# Thrive 30 Gallon Tropical Kit on sale at Petsmart. Is it worth it?



## DenimDendro (Sep 13, 2020)

The Petsmart in my area has its ‘Thrive Tropical Reptile Terrarium Essentials Kit’ on sale for $100. I understand that I won’t need most if not any of the extra components, but $100 for an 18x18x24 is pretty good. I’m just skeptical on the quality. Does anybody have any experience on these tanks that could testify whether or not this is a good tank for darts?


----------



## Socratic Monologue (Apr 7, 2018)

Almost everything that isn't the tank itself isn't useful for darts (you could buy some screw-in LEDs and use the dome fixture, I guess, if you are OK with the looks of the fixture). The tank itself doesn't allow for anything like decent passive ventilation, judging from the pics (there is no low-placed vent in front), and so is sub-par from the POV of the basic design. A person would have to mod the top just as with Exos or ZooMeds, and there likely is much less collective knowledge on how to do that well on that brand, given that Exos are by far the most used vivs.

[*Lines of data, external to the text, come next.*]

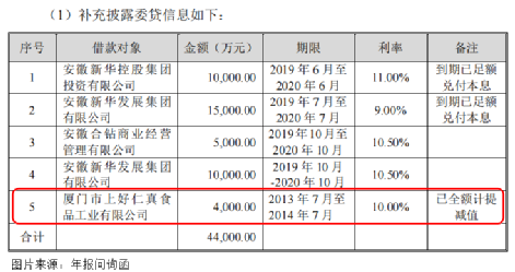 贷款客户中多次出现安徽新华发展集团,2021年又一次贷款1.5亿,年利率10%,期限为12个月。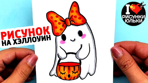 Рисунок на ХЕЛЛОУИН _ Как нарисовать ПРИВИДЕНИЕ просто и мило _ Рисунки Юльки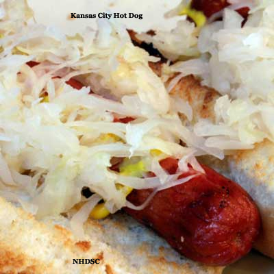 The Kansas City Hot Dog is served with sauerkraut and melted Swiss cheese on a sesame seed bun.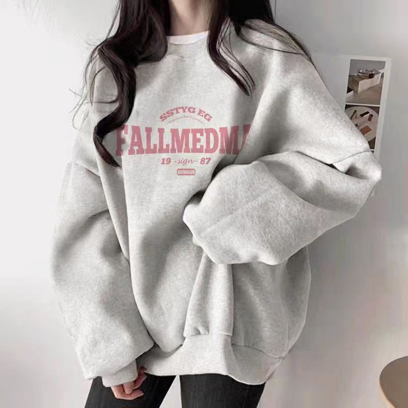 YF6327-(4色入内)学院风长袖连帽宽松大码洋气印花慵懒风日系休闲卫衣外套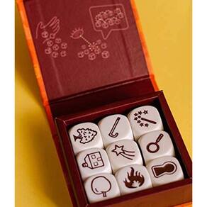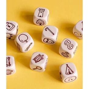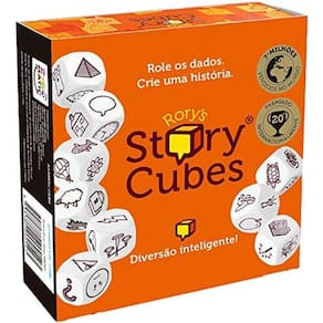 Uma ferramenta para o desenvolvimento da criatividade, imaginação e até improviso! Rory’s Story Cubes é uma caixa com nove dados, sendo que cada um deles possui seis ícones diferentes, resultando em um total de 54 figuras ao todo. Em cada rodada, um jogador deve começar rolando um número de dados e iniciando a frase com “Era uma vez...” e continuando sua história usando as palavras representadas pelas imagens que saíram nos dados.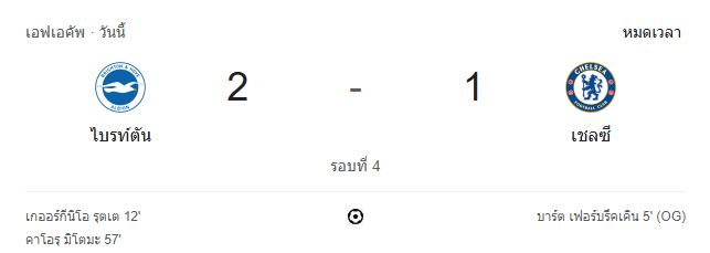 - นาทีที่ 95 กรรมการเป่านกหวีดจบเกม ไบรท์ตันเอาชนะเชลซี 2-1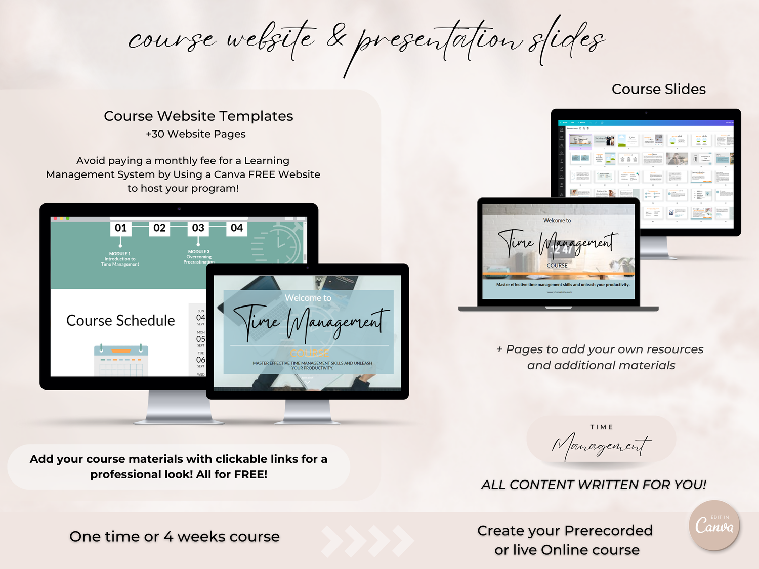 Engage your audience with visually appealing slides and host your program on a FREE Canva website as a landing page, no costly learning management system required!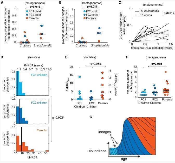 综上,我们通过宏基因组的纵向数据和分离株系统发育分析两种独立手段,均得出一致结论:表皮葡萄球菌谱系从儿童期开始持续获得和流失,但在成人体内单个谱系的存续时间更长(图4G)。这一谱系层面的动态变化表明,终生的优先效应无法完全解释家庭成员间谱系共享不完全的现象(图3A)。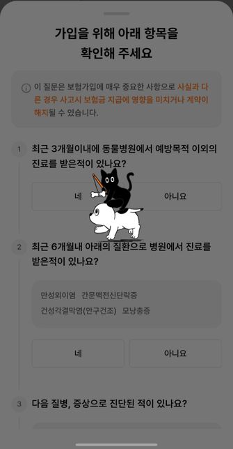 - 의료 보험보험매일신비로운제육볶음강아지 보험 가입 전에 진료를 봤는데 가입은 됐어요강아지 보험 관련 질문이에요 8살입니다얼마전 앞을 잘 못 보는 느낌이 들었습니다어제 산책 중 자주 가던 동물 병원을 갔고 백내장이 아닌 망막의 문제 같다, 우리 병원은 검사가 어려우니 전문 병원을 가보라고 하셨습니다. 말씀 허시길 한쪽은 시력이 거의 없고, 한쪽은 조금 남은 거 같다라고 하셨어요(이때 검사보단 눈 한쪽씩 가리고 손을 가까이 대서 반사를 하는지 보는 테스트 정도였어요)그리고 집에 와서 까먹고 있었던 펫보험을 찾아 가입했어요제가 든 보험은 마이브라운입니다.가입 첫 질문부터 사진처럼 예방목적외에 진료를 묻는데 그땐 생각 없이 아니오를 체크했고 가입이 됐습니다.근데 글 쓰는 기준 내일 안과 전문 병원에 망막검사 예약을 했는데 문득 간단한 테스트여도 시력 저하나 반응없음 정도로 차트지에 적힐 것 같은데 그럼 보험 가입 전 올라간 내용이니 안과에 관한 약관은 아예 보장 받기 어렵지 않나...?라는... 너무 생각이 짧았고 너무 빠르게 악화됐어요...제가 궁금한 건 이 상황에서 뭘 할 수 있을까요?- 내일 큰 병원을 가기 전 어제 간 병원에 연락해서 차트에 소견을 뭐라고 적었는지 확인 정도는 받을 수 있을까요?- 변경을 해달라고 하면 안되겠죠..?- 만약 안과쪽으로 보험 보장이 안된다면 다른 보험으로 바꿀 필요도 없겠죠? 어디든.. 이미 진료를 받았으니 안 받아 줄 것 같아요-내일 첫 병원에 소견 묻고 전문병원에서 검사 후 보험사에 전화해서 물어봐도 되는 걸까요?2명의 전문가가 답변했어요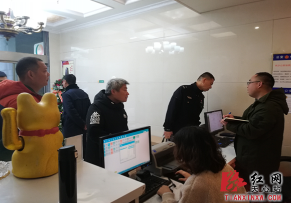 为进一步加强辖区稳定,营造安全、和谐的环境,加大对宾馆旅店的管理,12月26日下午三点,由天心区城南路街道办事处副主任邱阜带队,街道安监办、消安办、白沙井社区,派出所、工商所等部门联合对白沙井社区范围内宾馆酒店、家庭旅店开展了消防安全联合执法检查。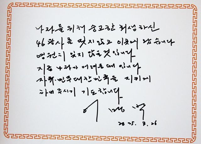 이 전 대통령은 현충탑에 참배를 마치고 방명록에 "나라를 위해 숭고한 희생하신 46용사를 잊지 않고 이곳에 왔습니다. 영원히 잊지 않을 것입니다"라며 "지금 나라가 어려울 때입니다. 자유·민주 대한민국을 지키게 하여주시기를 기도합니다"라고 남겼다.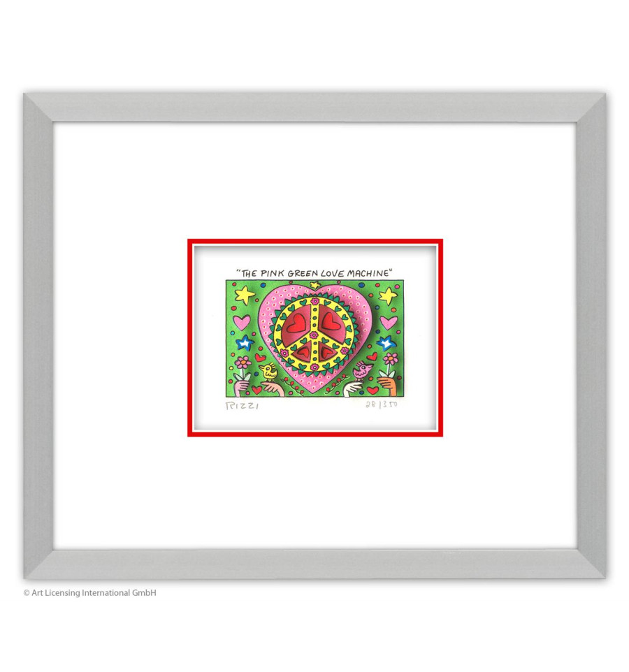 " THE PINK GREEN LOVE MACHINE “ ist eine 3D Grafik des Künstlers James Rizzi. Diese limitierte Arbeit ist im Druck signiert. Um die Echtheit des Werkes zu garantieren ist im Lieferumfang ein Echtheitszertifikat beigefügt,

Also, supporting PetSmart is...um...less than helpful to the hobby as a whole, given the damage that company does both to animals and to legitimate herp businesses.

Hard pass.


----------



## DenimDendro (Sep 13, 2020)

Socratic Monologue said:


> Almost everything that isn't the tank itself isn't useful for darts (you could buy some screw-in LEDs and use the dome fixture, I guess, if you are OK with the looks of the fixture). The tank itself doesn't allow for anything like decent passive ventilation, judging from the pics (there is no low-placed vent in front), and so is sub-par from the POV of the basic design. A person would have to mod the top just as with Exos or ZooMeds, and there likely is much less collective knowledge on how to do that well on that brand, given that Exos are by far the most used vivs.
> 
> Also, supporting PetSmart is...um...less than helpful to the hobby as a whole, given the damage that company does both to animals and to legitimate herp businesses.
> 
> Hard pass.


Got it. Thanks for the insight. I think I’ll pass and get an Exo Terra or ZooMed from a local pet store.


----------



## Socratic Monologue (Apr 7, 2018)

You won't regret not skimping on the basic enclosure.

Different price bracket, but here's another option:









InSitu Ecosystems


InSitu creates vivariums and terrariums for the plant, herp and insect hobbies for the keeping of orchids, poison frogs, geckos, tarantulas and others. Our innovative approach solves many of the problems hobbyists have faced with drainage, air circulation, misting, lighting and feeder insect...




insituecosystems.com





I have two, and I think they have a lot going for them.


----------



## fishingguy12345 (Apr 7, 2019)

This is NOT case of a penny saved is a penny earned... 

Getting a good terrarium as a start is important...


----------



## bssknox (Apr 24, 2017)

Scour Facebook marketplace and Craigslist for a few weeks and you'll likely find some cheap priced Exo's for sale. Paid $50 for my last 18x18x24 Exo.


----------